• [Problem requirements]: Copy word for word the lines of the records below, beginning at the one with "Extras included (included" and finishing at the one with "鲳鱼不克不及油煎的太厉害,否", ends included, but none of the pictures.

• [Dataset]:

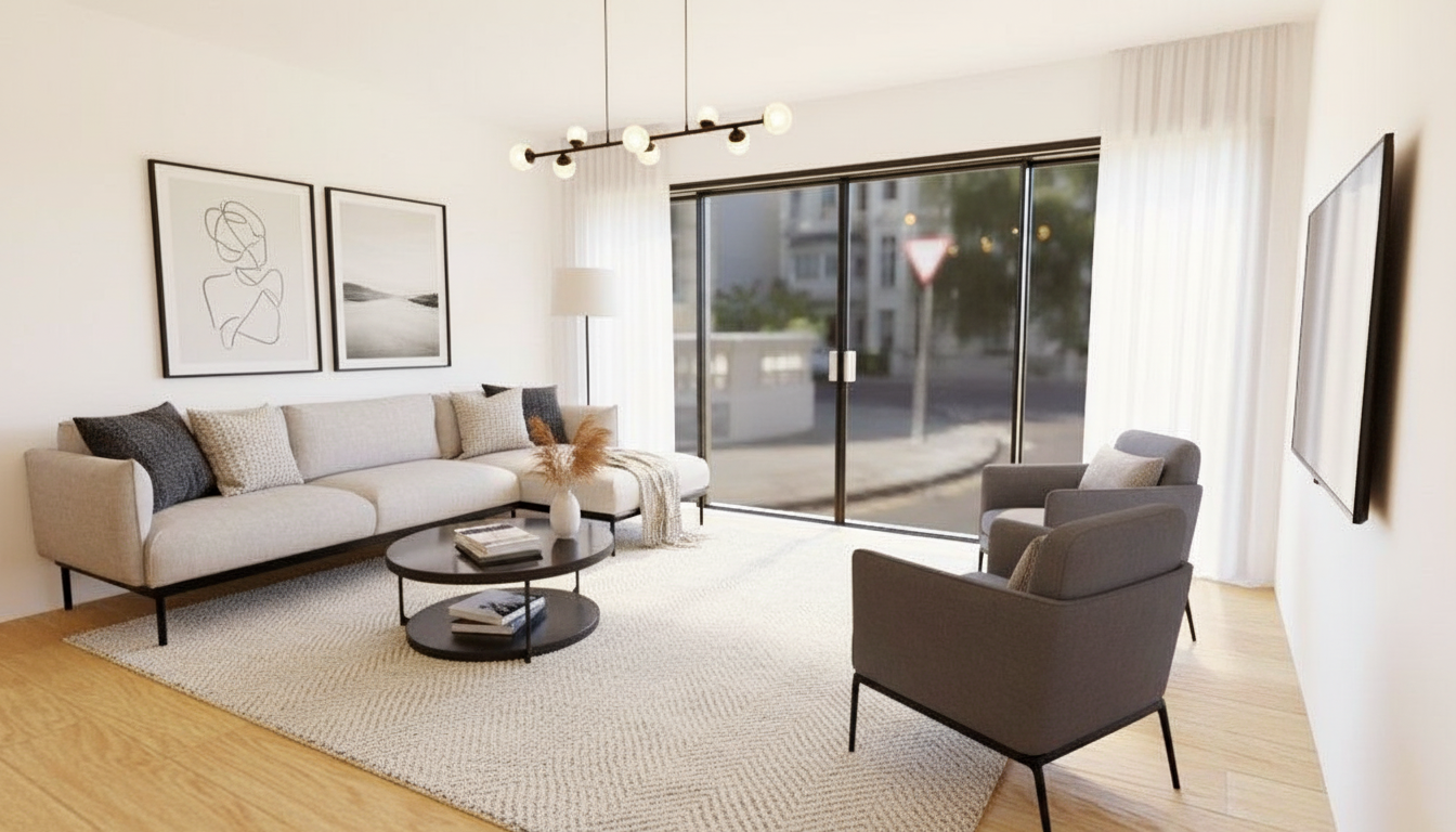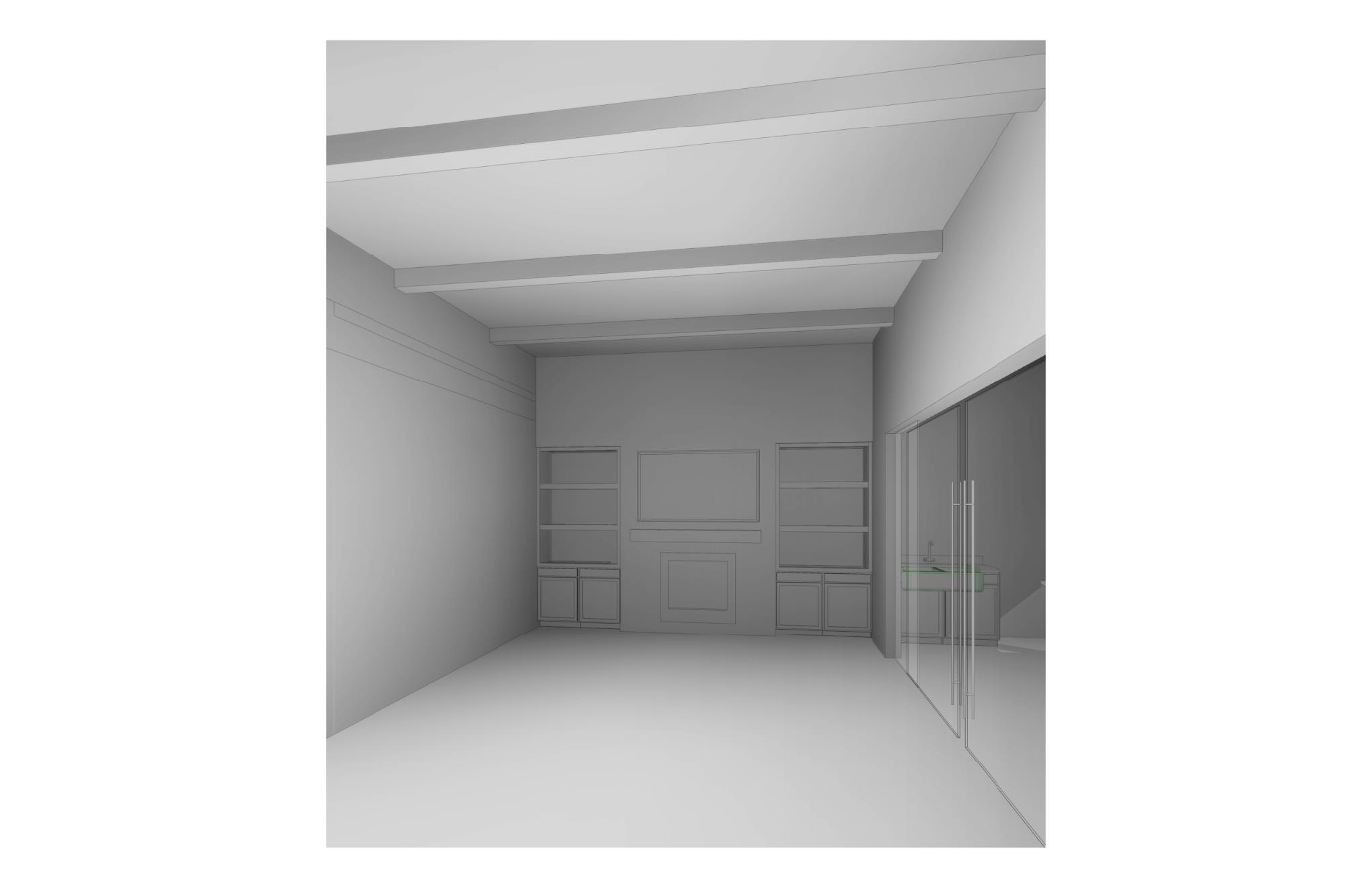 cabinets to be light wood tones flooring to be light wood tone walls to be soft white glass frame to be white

---

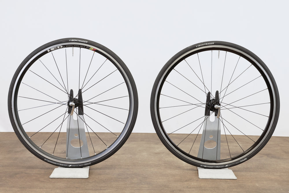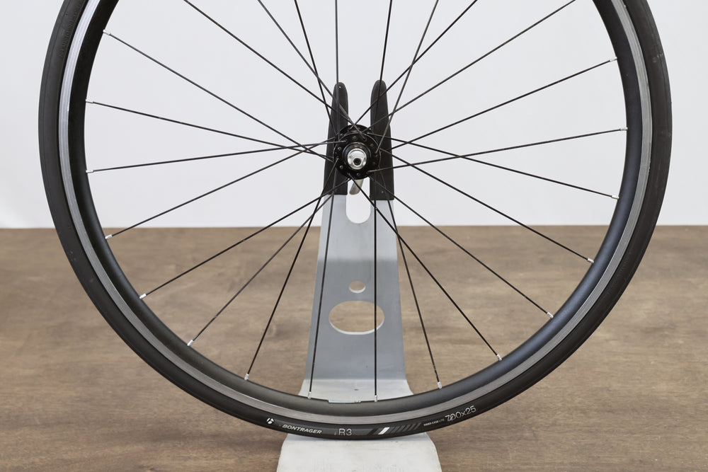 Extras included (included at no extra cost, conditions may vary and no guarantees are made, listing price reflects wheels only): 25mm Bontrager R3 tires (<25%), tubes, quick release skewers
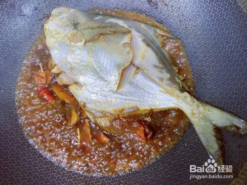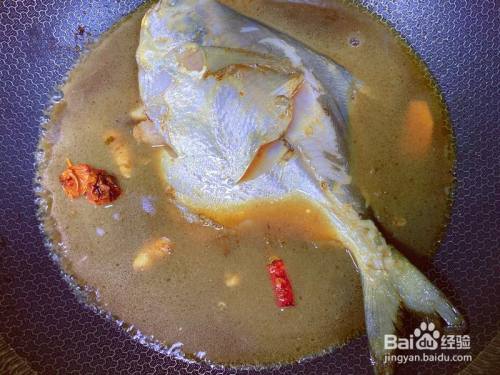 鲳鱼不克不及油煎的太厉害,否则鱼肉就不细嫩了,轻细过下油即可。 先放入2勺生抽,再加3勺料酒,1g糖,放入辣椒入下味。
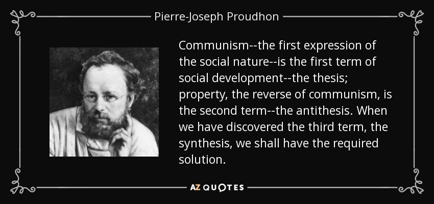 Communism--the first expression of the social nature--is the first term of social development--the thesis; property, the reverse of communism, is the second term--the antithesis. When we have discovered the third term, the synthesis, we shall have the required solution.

• [Final answer]:
 Extras included (included at no extra cost, conditions may vary and no guarantees are made, listing price reflects wheels only): 25mm Bontrager R3 tires (<25%), tubes, quick release skewers
 鲳鱼不克不及油煎的太厉害,否则鱼肉就不细嫩了,轻细过下油即可。 先放入2勺生抽,再加3勺料酒,1g糖,放入辣椒入下味。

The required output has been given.